Vettath J Mathai (25 February 1901 – 5 August 1954) also known as "The Lion of Cochin" was a lawyer, banker, politician and plantation owner. 

He is best known for being the first Indian to defeat a European in a democratic election in Indian history. Mathai was a MLA in the Kochi Legislative Council from 1938 to 1945 as representative of the Planters constituency.

Early life 
Mathai was born to a Malayalee Syrian Christian family in Mulanthuruthy village within the princely state of Cochin during the height of British India.

Being one of 5 sons, his father obtained a loan from an acquaintance to have Mathai and his brothers educated.
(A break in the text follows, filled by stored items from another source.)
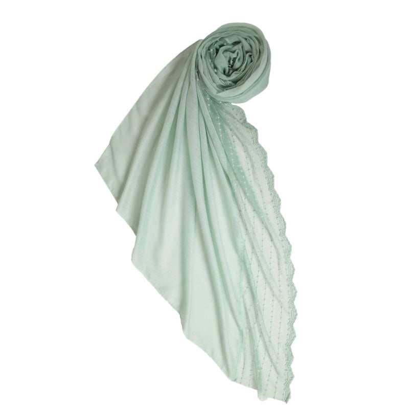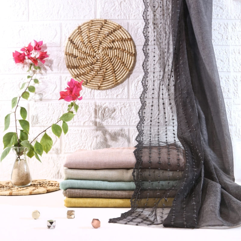Embrace the beauty of minimalism with this exquisite collection comprising soft and neutral tones. Each piece features a delicate lace border, adding depth and character. Material: Cotton Viscose Size: 35.5 x 78 inches Visibility: Slightly see-through Texture: Plain Ironing: Lightly required Note:
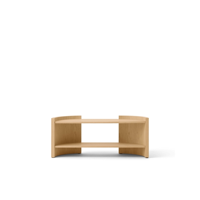 Matalampi koko antaa kirjahyllylle joustavamman roolin sisustuksessa, jossa sitä voidaan käyttää olohuoneessa, makuuhuoneessa tai työhuoneessa. Crescent-sarjan tyypillinen muotokieli säilytetään, mutta ilme on kompaktimpi ja kevyempi. Kirjahylly tarjoaa toiminnallista säilytystilaa ja visuaalista rakennetta, joka tukee koko huonetta ottamatta sitä kokonaan haltuunsa. Huonekalu, joka lisää järjestystä ja rytmiä huomaamattomasti ja tasapainoisesti.
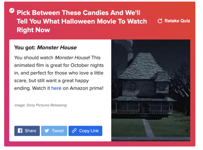 lovingโฆthis Halloween candy quiz that will tell you what Halloween movie to watch. My results were spot on, see below.
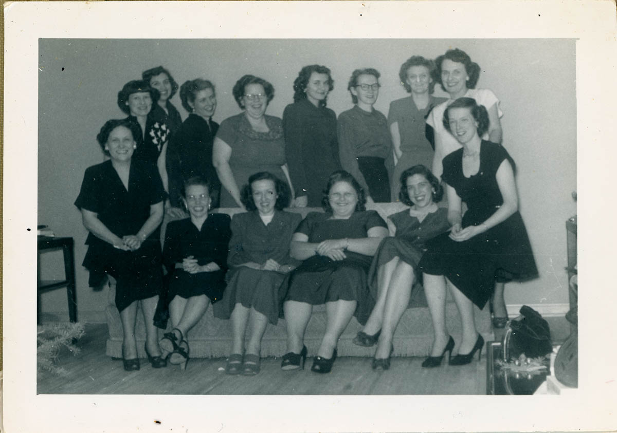 - Snapshot of fourteen women sitting on a sofa. Handwritten label on back says "First Christmas Party of Gamma Chapter Xi Delta Pi Sorority 12/11/50"
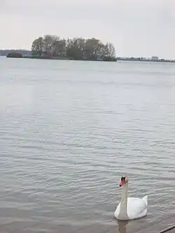 With a surface area of 480 ha, Lake Amance is the smaller of the two basins of the Aube reservoir[8] and the smaller of the large Seine lakes. It owes its name to the river Amance, which flows through the lake and takes its name from the commune of Amance, located further south. The lake stretches over the communes of Dienville and Radonvilliers, with populations of 805 and 381 respectively in 2007.[9] It features two islands: "l'île aux Oiseaux" and "l'île aux Carpes", both of which are equipped with a pontoon for boat access.[10]
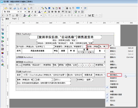 在開(kāi)好的單據(jù)界面點(diǎn)擊“打印”—》“打印格式設(shè)計(jì)”—》“設(shè)計(jì)格式”,進(jìn)入打印模板設(shè)計(jì)器界面,選擇單據(jù)日期文本框,鼠標(biāo)右鍵選擇“顯示格式”,如圖2所示。
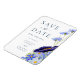 Bonita mão elegante pintou primavera de aquarela e flores de verão, incluindo flores silvestres em azul marinho, azul de córnflor, roxo, verde e amarelo, casamento salvar o ímã de datas. O primavera único pintado à mão e o trabalho de arte de flores de verão incluem cosmos, flores de milho, papoilas e me esqueçam de nãos com folhagem. Modelo fácil de usar com moderno e elegante roteiro de tipografia. Perfeito para um único casamento floral azul botânico temido no verão ou na primavera. Arte original de Catherine Sweetman. Encontre itens correspondentes na elegante suíte de casamento floral azul de verão

With these funds, Mathai took his graduate and law degrees from Madras.

Political career 
As a lawyer, he was a firebrand often being critical of British rule.
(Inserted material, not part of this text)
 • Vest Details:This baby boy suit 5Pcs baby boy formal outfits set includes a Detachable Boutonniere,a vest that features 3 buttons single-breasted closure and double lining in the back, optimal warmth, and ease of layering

It is said that EMS Nampoothiripad, Kerala's first Chief Minister, would walk 5–8 km just to hear Mathai speak.

In the 1930s, only those who held 300 acres of land or more were eligible to vote in Cochin state.

In the 1937 election, Mathai ran against H.J. Valmesly to win in the planter's constituency by just one vote. As a result, he became the first Indian to defeat a European in an election to any legislative body.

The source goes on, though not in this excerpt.